Insuficiências desta conceção do direito:


(1) Perspetiva Sociológica  Considerou apenas os interesses em situação de conflito, esquecendo eu
eles também se podem apresentar mais ou menos extensa e intensamente em convergência – Ex:
Direito comercial ou de Roscoe Pound que distinguia os interesses individuais, públicos e sociais,
incompreendendo o pensamento jurídico como um social engineering que procura ordenar as
relações humanas mediante “the balancing of competing interests”.
(2) Nunca logrou distinguir o objeto da valoração do fundamento da valoração. Daí as inconcludências
perante o problema das lacunas.
(3) Não conseguiu compreender a problemática do sistema jurídico. É certo que relevou o sistema
interno, mas nele não se nos manifesta nem a pluralidade de estratos que reconhecemos ao corpus
iuris, nem a particular dialética que o anima, nem a especifica intencionalidade que o autonomiza.
(4) Para a Jurisprudência dos interesses, o sentido do direito não implicava qualquer dimensão de
idealidade ou de espiritualidade ou apenas se propunha a considerar estas dimensões quando estas
se manifestassem como factos sociais. Isto denunciava um finalismo radicado num estrito positivismo
fático-social.

1.2. O método da interpretação


(1) Compreensão decisiva do elemento gramatical que perde o seu valor metodologicamente
autónomo e a sua função delimitadora – e assim a sua relevância normativo-prescrita. O
elemento gramatical só é considerado no jogo com os outros elementos – como elemento de
determinação do conteúdo expresso do imperativo. Só pode ser considerado como um valor
heurístico ou indiciário. (Não normativo)
(2) Procura da vontade normativa da lei a assumir um subjetivismo teleológico. A investigação
histórica suscitada pela perspetiva do caso concreto, e que permitiu selecionar a norma, e os
seus passos analíticos:
a. Imagem do comando ou imperativo  GEBOTSBILD, permite a determinação do
conteúdo expresso no texto da lei.
b. Imagem dos motivos  MOTIVBILD, permite a determinação das representações
legislativas sobre o fim da lei. Trata-se da vontade real histórico-psicologicamente
reconstruida.
c. Imagem dos interesses causais  INTERESSENBILD, permite a reconstituição dos
interesses em conflito e a compreensão da ponderação que lhe corresponde.
d. Imagem definitiva  A vontade normativa a exprimir a preferência por um dos interesses
em conflito (ou a valoração correspondente). Esta era determinada através de uma
criteriosa e cuidadosa ponderação de interesses.
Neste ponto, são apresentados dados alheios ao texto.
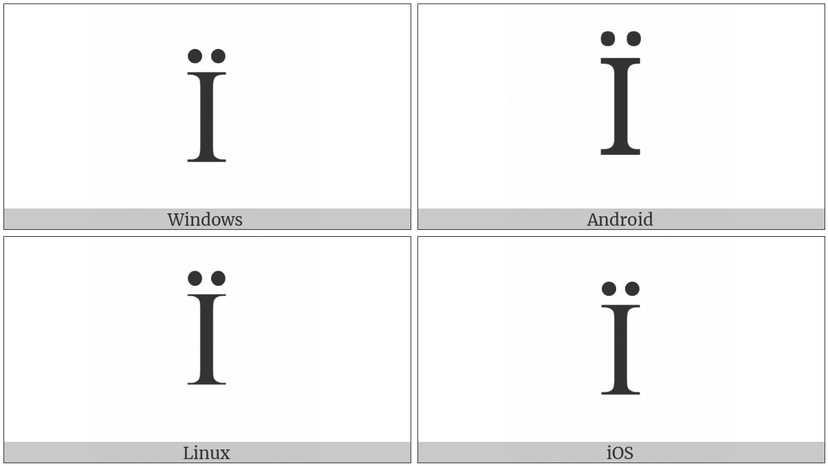 The image below shows how the “Latin Capital Letter I With Diaeresis” symbol might look like on different operating systems. If the font in which this web site is displayed does not contain the symbol and there is no fallback font able to render it, you can use the image below to get an idea of what it should look like.

Nota: Esta vontade normativa é distinta da vontade psicológica do subjetivismo dogmático. Podemos falar de
uma interpretação teleológica, favorecendo o elemento racional-teleológico, compreendendo a lei como uma
solução valoradora de um conflito de interesses e o direito como uma função normativa de tutela e realização
de interesses sociais.

(3) A perspetiva do caso a superar a divisão estanque interpretação (em abstrato)/ aplicação.
Afirma-se o direito que se realiza na “sentença judicial”. O juízo prático de analogia impõe ao
julgador a exigência de repetir no caso concreto decidindo a ponderação teleológica na norma
legal mediante uma comparação das situações de interesses respetivamente pressupostas. A
obediência pensante à vontade normativa da lei, dando-se grande relevo ao elemento
teleológico, ao exigir uma postura metodológica perante o elemento gramatical, colocando-se em
causa o teor verbal do comando.
Esta preferência do legislador não pode ser problematizada ou discutida, já que jurisprudência
dos interesses não interferia no plano dos princípios e da ratio júris, já que o seu problema se
limita à ratio legis.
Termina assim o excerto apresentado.